First she pinched my left cheek, then the right one; after the first pinch I still wasn’t sure, but the second one hurt beyond any doubt.

“You’re real,” I said, suddenly feeling a wave of fear. A huge lump formed in my throat. I couldn’t say another word. Crouching in front me, she was so close that her sun-tanned legs, misty blue eyes, slightly parted pink lips, and especially arms carelessly thrown over her knees filled me with the pain of such uncommon longing that I had to avert my eyes. She was looking at me with the expression of someone who had just caught a strange animal, nothing dangerous, just a little rabbit she managed to trap, and which she could let go immediately or after she had some fun listening to the pounding of its heart.

“Are you afraid?” she asked.

I shook my head. Suddenly regaining the power of speech, I said, “I thought you weren’t real.”

“Who is, anyway?” she composed her features into an expression of profound importance. These could hardly have been her words. I vaguely remembered Father once saying something similar: who can claim to be real in a world which, as proved by the physicists, is composed mostly of emptiness? Did they talk about such matters in my dreams? Or in the surgery? She was after all, as Father had said, a patient of his. My confusion grew.

“It’s so hot,” she said. “Why don’t we go down to the stream? Have a splash and cool off. Lie in the shade on that wall.”

“No,” I pounced as if stung by a bee. Not on that wall, I wanted to say, but what I said was, “Not today.”

She stood up and sighed as if at a loss what to do.

“Then why don’t you come home with me, to meet Grandpa Dominic?”

This sounded more attractive and far less dangerous. But still I couldn’t make up my mind. Without another word she moved off. Treading softly with her bare feet, she floated towards the nearest trees. As soon as she reached the shade, she turned and with a curved forefinger beckoned me to follow.

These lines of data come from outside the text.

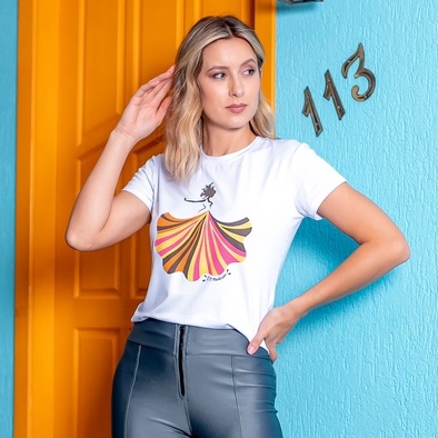 Blusa T-shirt Camiseta Feminina Estampada - Bailarina - Branca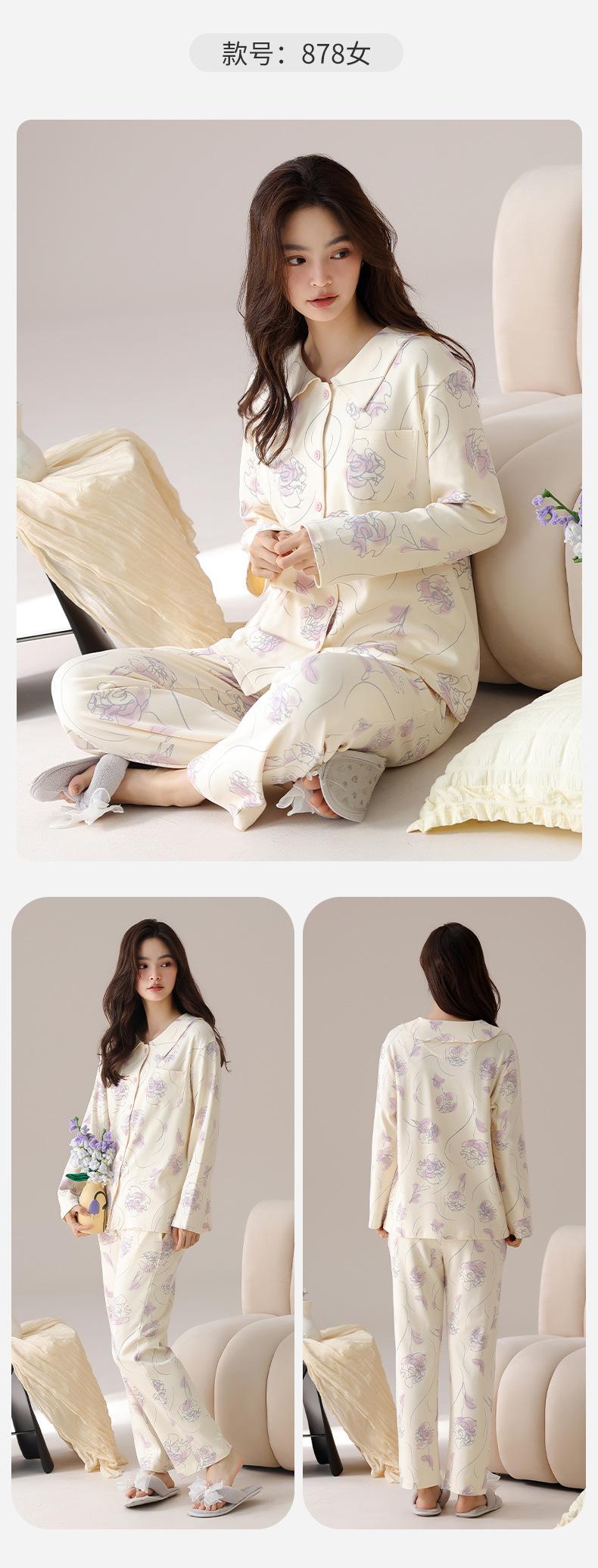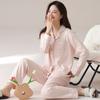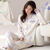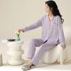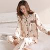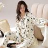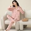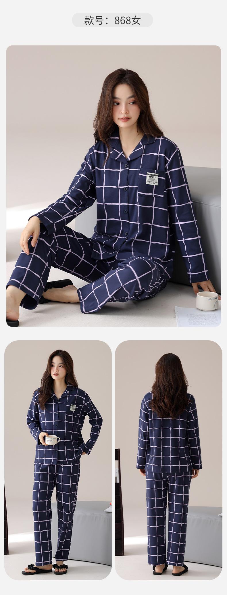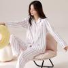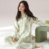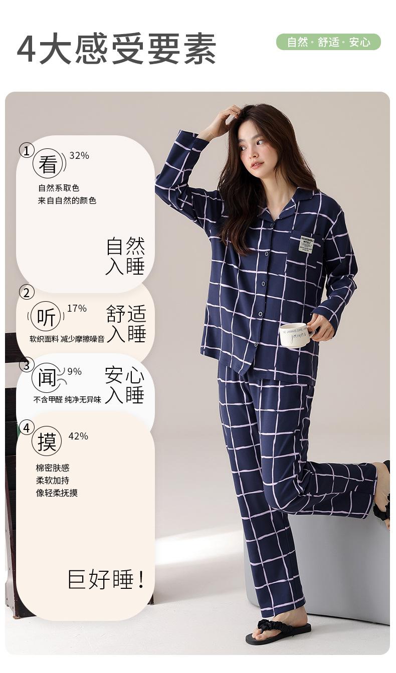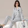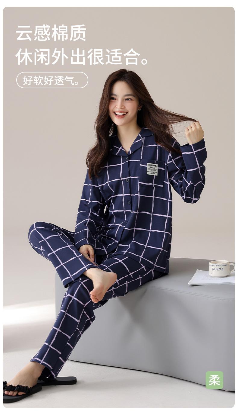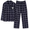 Pijamas de mujer finos de algodón puro, primavera y otoño, pantalones de manga larga, cárdigan de solapa, ropa de abrigo a cuadros imprimible, ropa de casa para mujer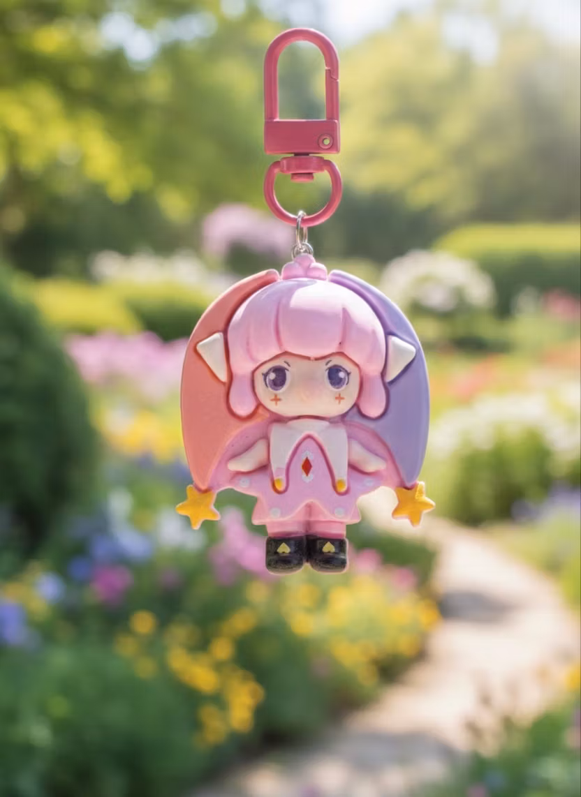 Den här söta nyckelringen föreställer en karaktär i pastellfärger med ett lekfullt uttryck. Med sin rosa och lila luva, små stjärnor och glittriga ögon sprider den en känsla av magi och fantasi.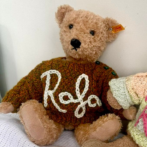Our teddy personalised hand knitted jumpers are the perfect little childhood or newborn keepsake and can be customised with any name or word you would like up to 4 letters. (They are too small for anymore letters unfortunately but initials and shorter nicknames work well.)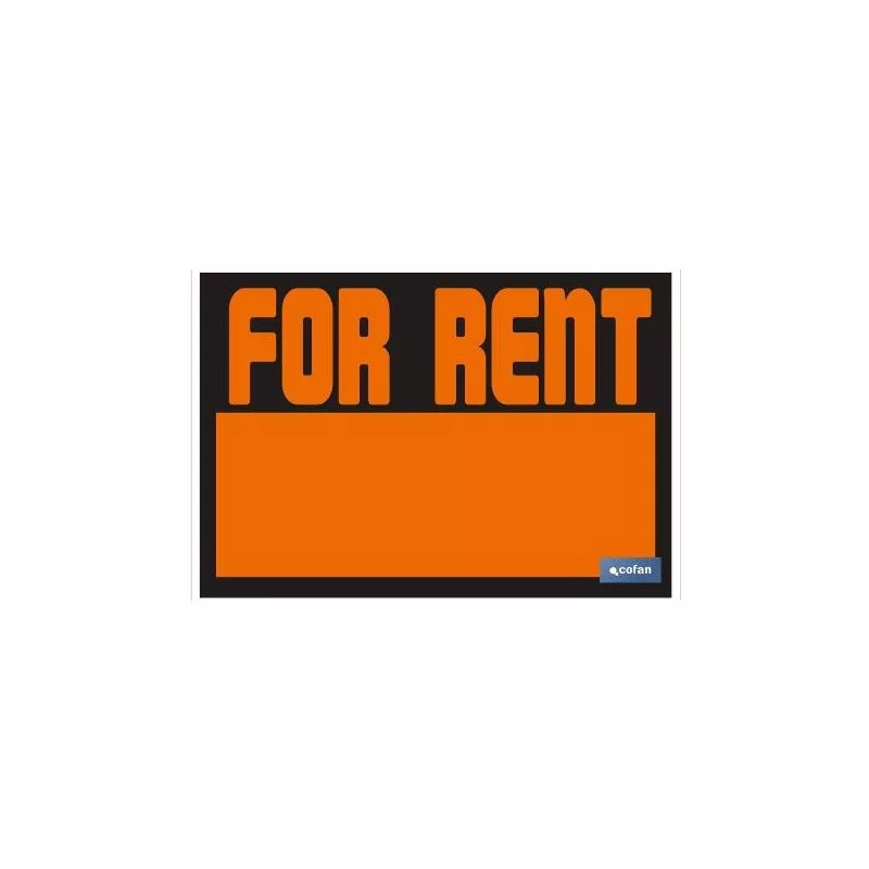 Señal informativa de poliestireno con texto for rent. Tamaño a elegir.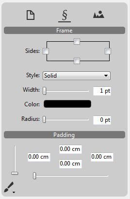 枠線はドキュメント全体に対して、あるいは個別の段落に対して、またはテキスト内のピクチャーに対して設定することができます。パネル上部のアイコンに対して、指定したいエリアでのこれらの対象を設定します。つまり、ドキュメントに対してはボタンを、個別の段落に対しては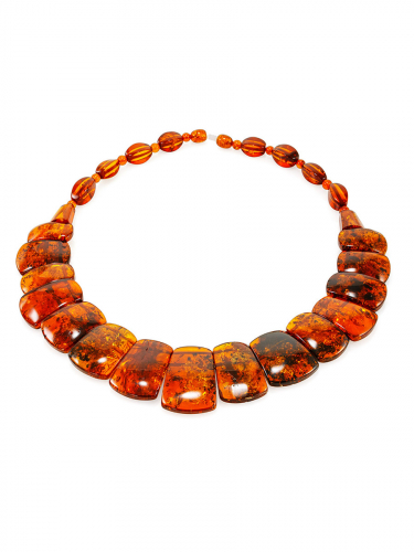 Стильное плоское колье из натурального балтийского янтаря коньячного цвета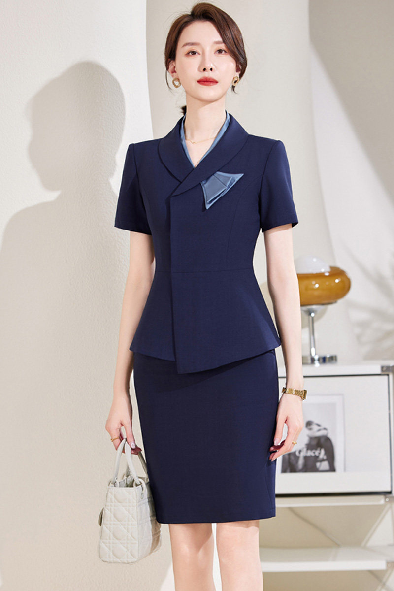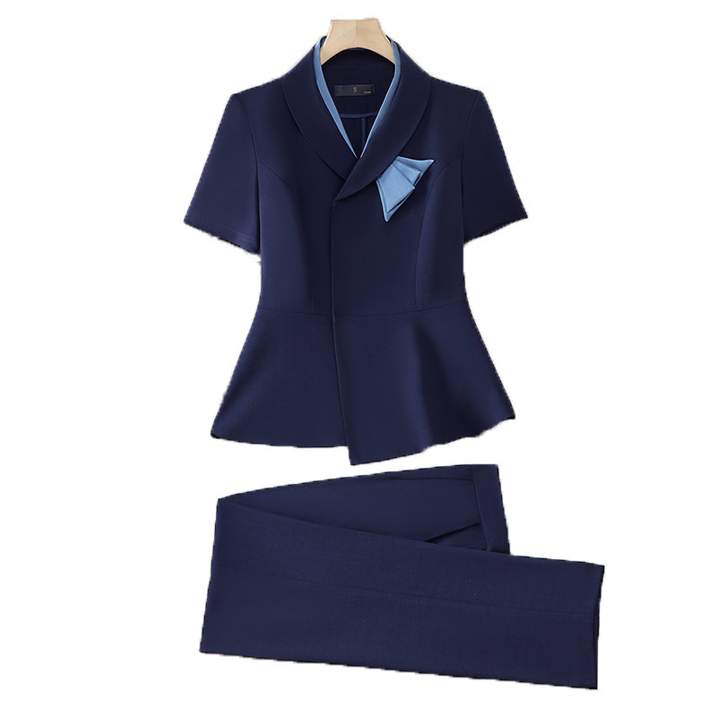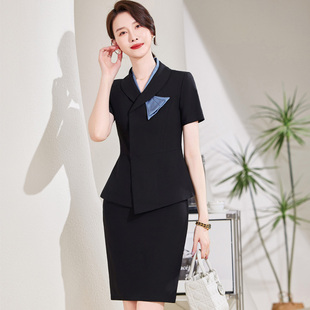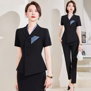 短袖 女夏薄款 空姐职业套裙韩范美容院珠宝金店工作服 套装 减龄西装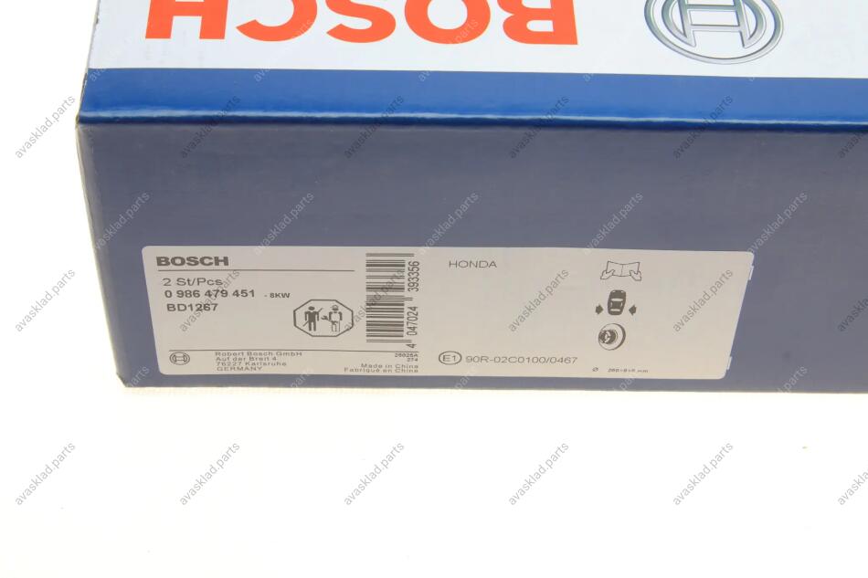 ДИСК ГАЛЬМIВНИЙ ЗАДНIЙ BOSCH 0 986 479 451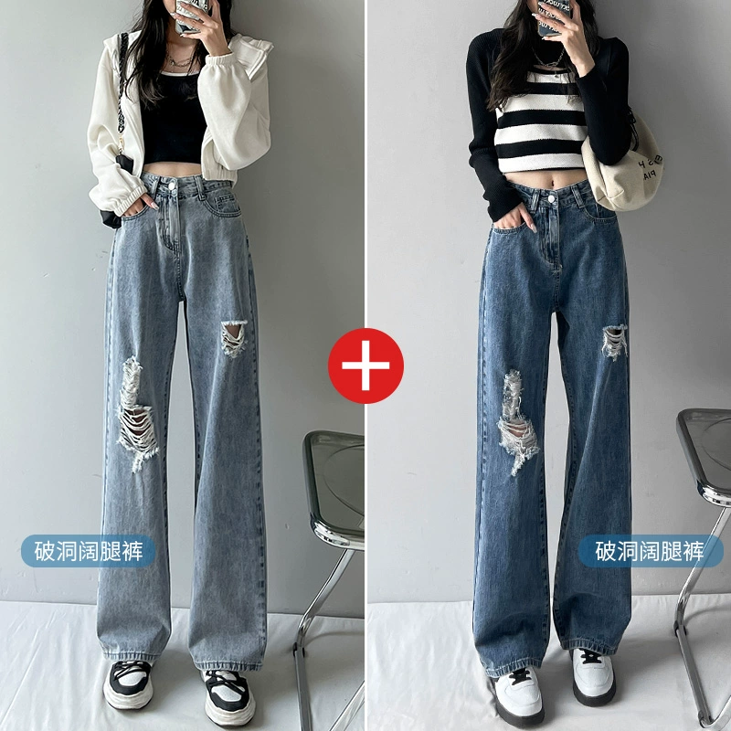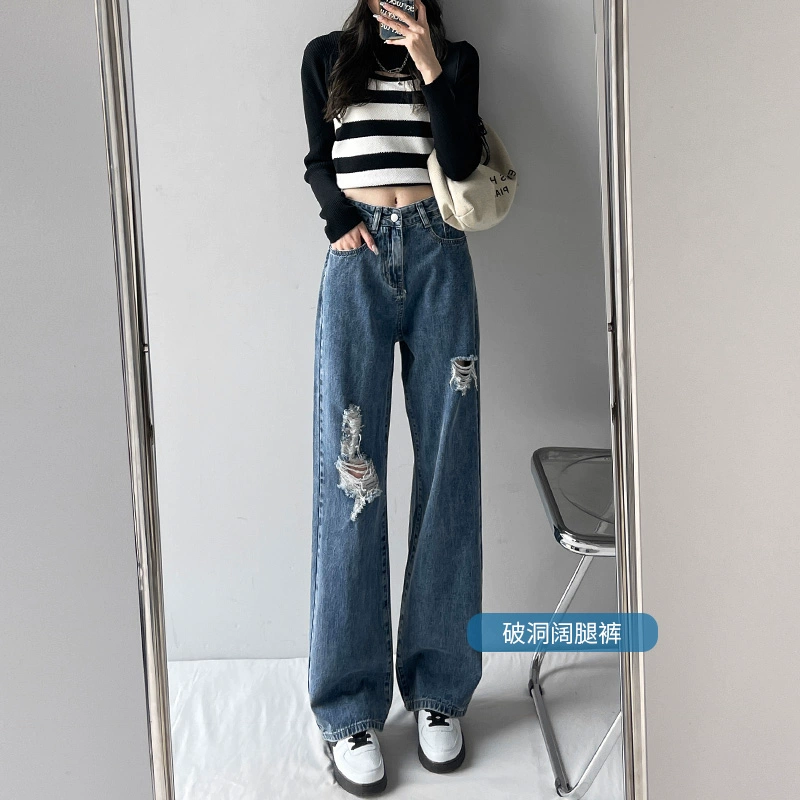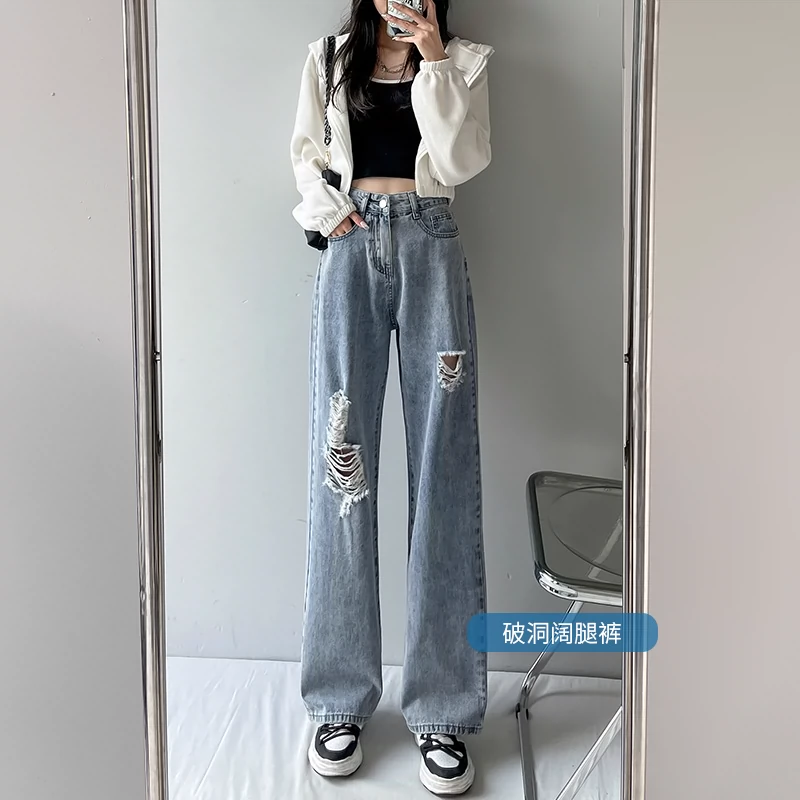 | nameOriginal | Shredded loose spring and summer high-waisted floor-length jeans |
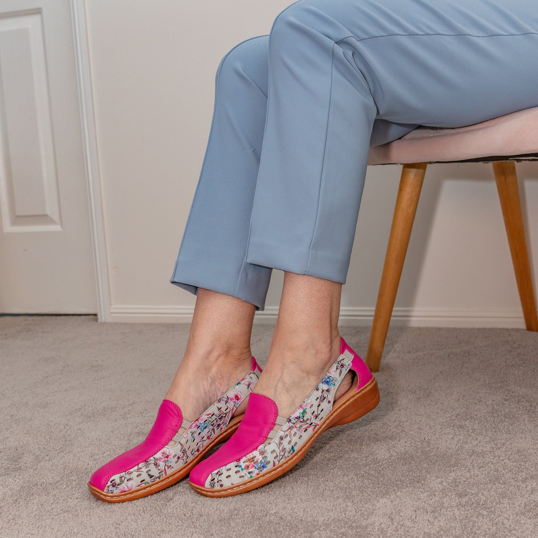 Brighten your step with the Cassini Moana in Fuchsia Botany — a joyful splash of colour wrapped in everyday elegance. Crafted with supple leather and charming perforated detailing, this slip-on beauty combines breathability and personality. The elastic side gussets give just the right stretch for easy wear, while the cushioned interior keeps your feet content from morning to night.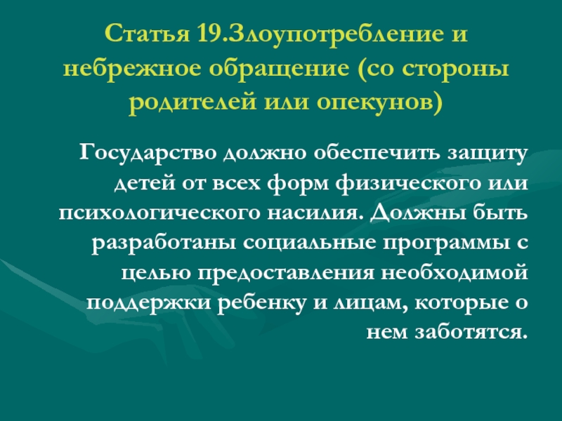 Статья 19.Злоупотребление и небрежное обращение (со стороны родителей или опекунов)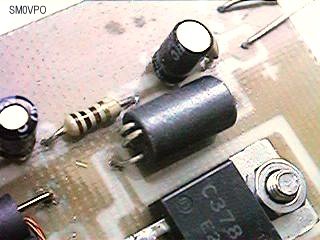 TR1 should really be fitted with a heatsink, but a simple bit of thin tin-plate 1cm x 2cm shaped like "omega" (bent round a drill bit in the vise/vice) can be clipped on the transistor. TR2 did NOT need a heatsink on my prototype, since there is a load of copper under it, but if it has a tendency to cook then take a bit of tin-plate 2cm wide, 4cm long, bent at 90 degrees at 1.5cm and 2.5cm to form a "U" shape. This can be trapped under TR2, but drill a hole to pass the bolt through.
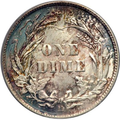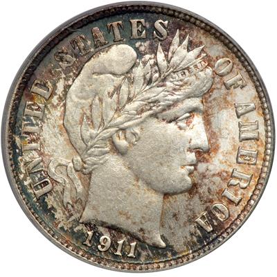 1911-D Barber Dime. PCGS graded MS-66. Frosty with nice golden and blue toning. Pop 36; 7 finer in 67 (PCGS # 4858).
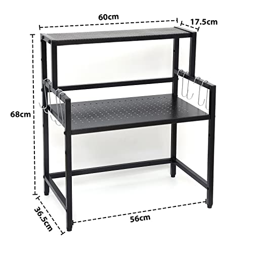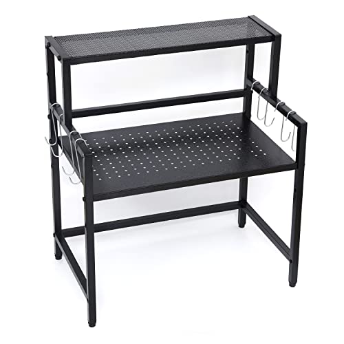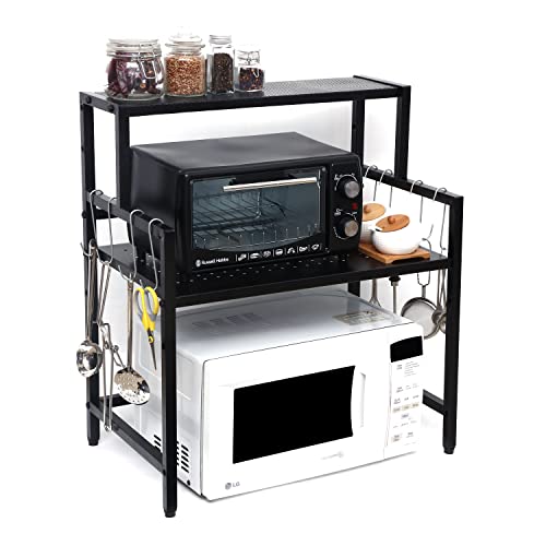 Livzing 2-Tier Microwave Oven Rack-Adjustable Microwave Stand with Hooks-Multipurpose Counter top Storage Organizer-Dish Rack for Kitchen Cabinet-Powder Coated OTG and Microwave Rack–Black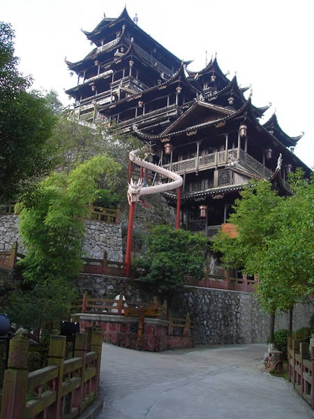 九重天世襲堂是土家風情園的精華和靈魂所在。該建筑由土家民間藝人李宏進設計,依80度陡坡而建,高48米,共9重12層,整個樓房全部用木栓連接,沒有一顆鐵釘,堪稱土家族建筑史上的奇跡。2002年9 月22日,九重天吊腳樓被載入世界吉尼斯世界紀錄,認定其為目前中國最大、最高、最完美的木質結構吊腳樓。2001年4月6日,朱镕基總理視察土家風情園時,對九重天贊不絕口:“一批民間匠人能造出這樣輝煌的吊腳樓,而且還解決了力學的問題,真是不簡單。”清華大學著名建筑學家何重義先生說:“張家界土家風情園完全可以和蘇州的園林相媲美。特別是九重天世襲堂,猶如玉宇瓊閣,令人神往!”古人說,天有九野,地有九州,土有九山,山有九寨。古人又把九重叫做天,說天有九重,最上一重是上帝和君主居住的地方,所以我們叫它“九重天”。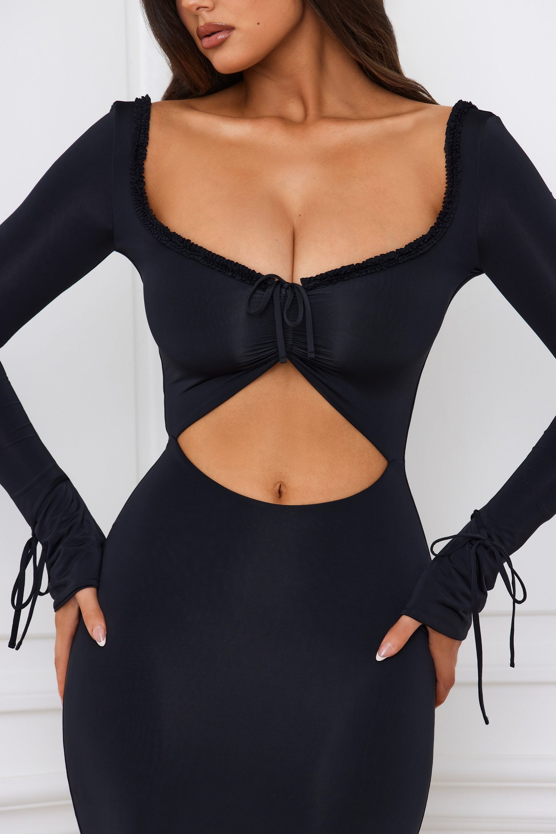 Ruffle-Trim Cut-Out Maxi Dress in Black

She was wearing a short blue skirt which barely covered her thighs, the same one she had in my dream about the events in Father’s surgery. But the T-shirt was different, white and suffused with the sweet smell of her sweat, with long sleeves which only just covered her elbows. Her shoulders were broader than her hips. If it wasn’t for her softly rounded thighs and gently undulating breasts, her body would have looked more like a boy’s than a girl’s.

“Come,” she grew impatient, “you’ll see grandpa’s statues from Africa.”

She walked on and soon vanished among the trees. I jumped to my feet and followed her along the path which twisted its way under the intertwined branches of alder-trees towards the part of the wood dominated by extremely tall fir and pine trees. There the sun rays shone through the gaps in the congestion of needles, and danced on the mossy ground in the rhythm of the breeze which was inducing the branches above to stir in an exciting, disorderly fashion. The rays danced caressingly around Eve’s hurrying feet which led us deeper and deeper into the wood, to the grassy path where I had already been in my dreams, and which led across a flowery meadow to the foot-bridge which took us across a dry stream-bed to the dusty road which led up an incline to Grandpa Dominic’s house.